=== RECORD EXCERPTS ===
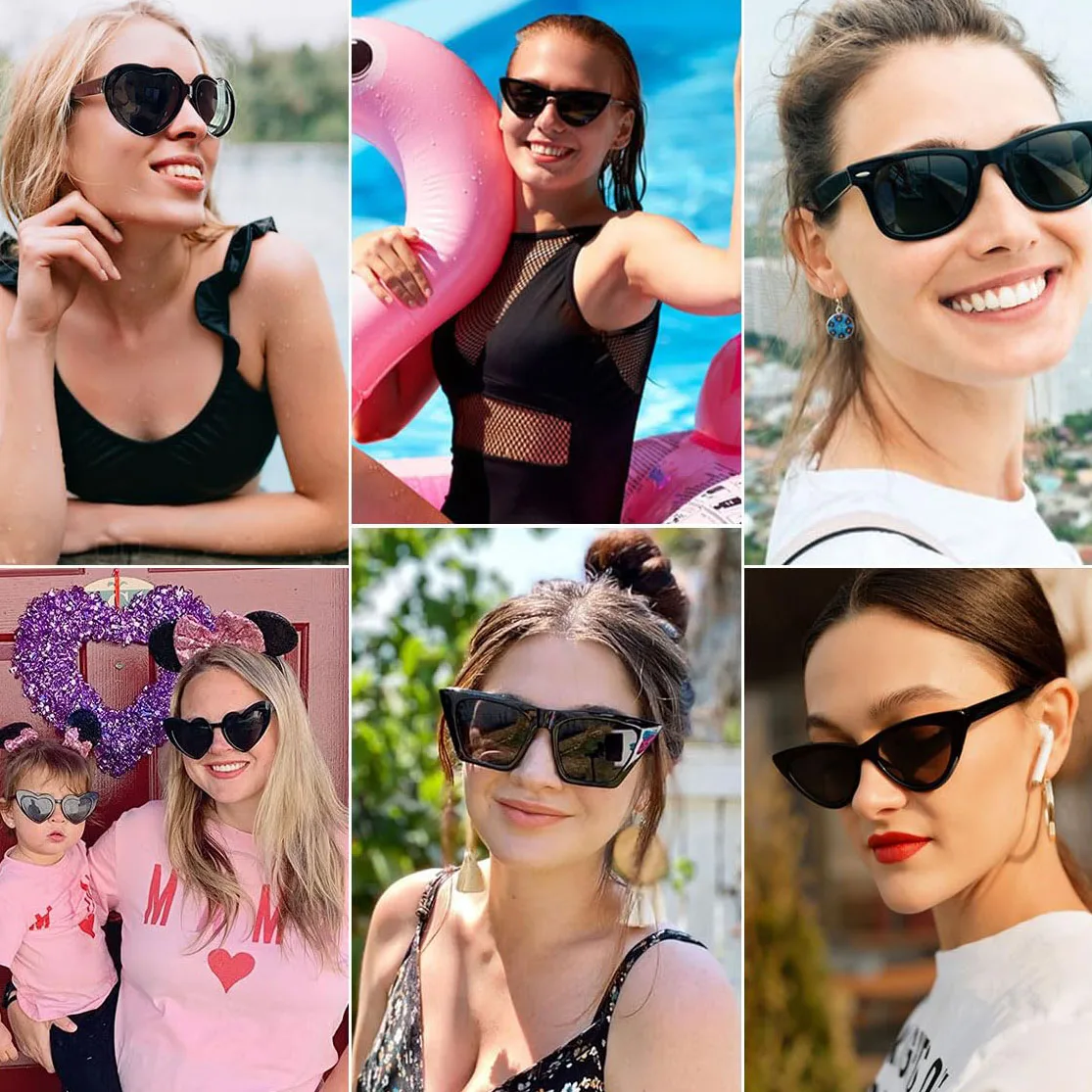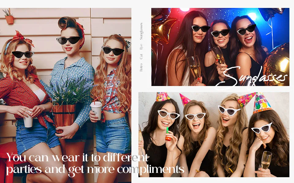 Este pacote inclui 10 óculos de sol da série preta diferente, cateyes, coração, quadrado, redondo, oval, estilos e quantidades suficientes para atender às suas necessidades diárias.
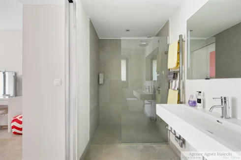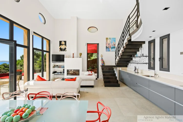 Bas du Rayol Canadel? A 3-minute walk from the beach and close to the village. Discover this superb recent contemporary villa, with refined lines and high-end services, offering a breathtaking view of the sea and the islands . Built on a fully landscaped plot , it consists of five bedrooms with their adjoining bathrooms or showers , as well as an independent outbuilding converted into a studio . Outside, you will enjoy a heated infinity pool with its sun-drenched terraces, a car gate, as well as a private gate leading directly to the beach . Every detail has been carefully thought out to combine comfort, elegance and seaside living. A remarkable achievement to discover without delay. For more information or to organize a private visit, contact Georgelin Malecki at or by email at . At the bottom of the Rayol Canadel - 3 midnights away from the beach on foot and close to the village. Discover this superb recent contemporary villa, with fine lines and high quality, giving an amazing view of the sea and the islands . Built on an entirely landcaped plot of land, it is home to five bedrooms with their bathrooms or showers, as well as an independent house built into a studio. Outside, you will benefit from a heated infinity pool with it's terraces bathed in sunlight, a car access , as well as a private gate giving staight onto the beach. Each detail has been well thought out to bring comfort, elegance and a life by the sea. An impressive villa to quickly discover. For more information or to organize a private visit, contact Georgelin Malecki at the or by email at .
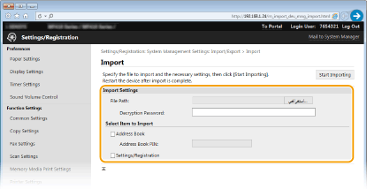 انقر فوق [Browse] وحدد الملف، ويمكنك فقط استيراد ملف معلومات تكوين جهاز بتنسيق (*.dcm) وملف "دفتر عناوين" Canon بتنسيق (*.abk)، وإذا حددت نوع ملف "دفتر عناوين" Canon، فلن تحتاج إلى تعيين أية عناصر أخرى.
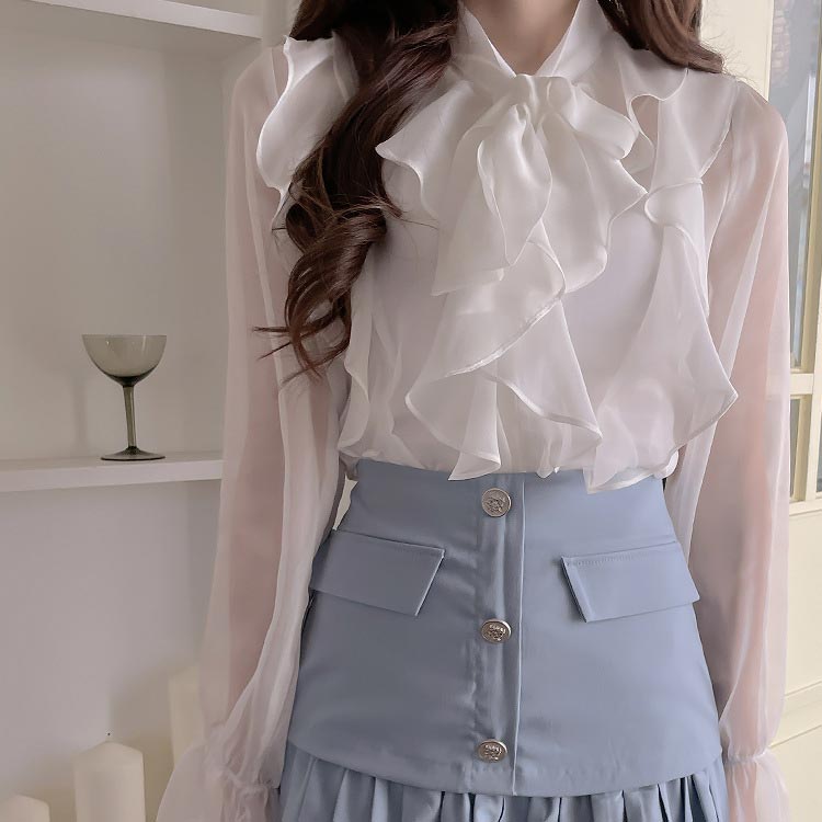 シフォンブラウス シアーブラウス ボリューム袖
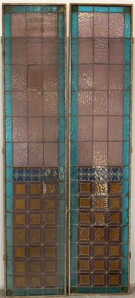 Coppia di vetrate con vetri policromi legati a piombo. (cm 50x234 ca,) (gravi d
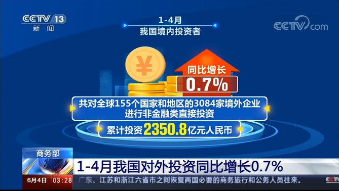 数据显示,今年前4个月,中国境内投资者共对全球155个国家和地区的3084家境外企业进行了非金融类直接投资,累计投资2350.8亿元人民币,同比增长0.7%;

=== ABOUT THIS EXERCISE ===
Your output should consist solely of the lines from the line containing "Coppia di vetrate" through the last line of the entries, verbatim, minus any pictures.

=== WORKED SOLUTION ===
 Coppia di vetrate con vetri policromi legati a piombo. (cm 50x234 ca,) (gravi d
 数据显示,今年前4个月,中国境内投资者共对全球155个国家和地区的3084家境外企业进行了非金融类直接投资,累计投资2350.8亿元人民币,同比增长0.7%;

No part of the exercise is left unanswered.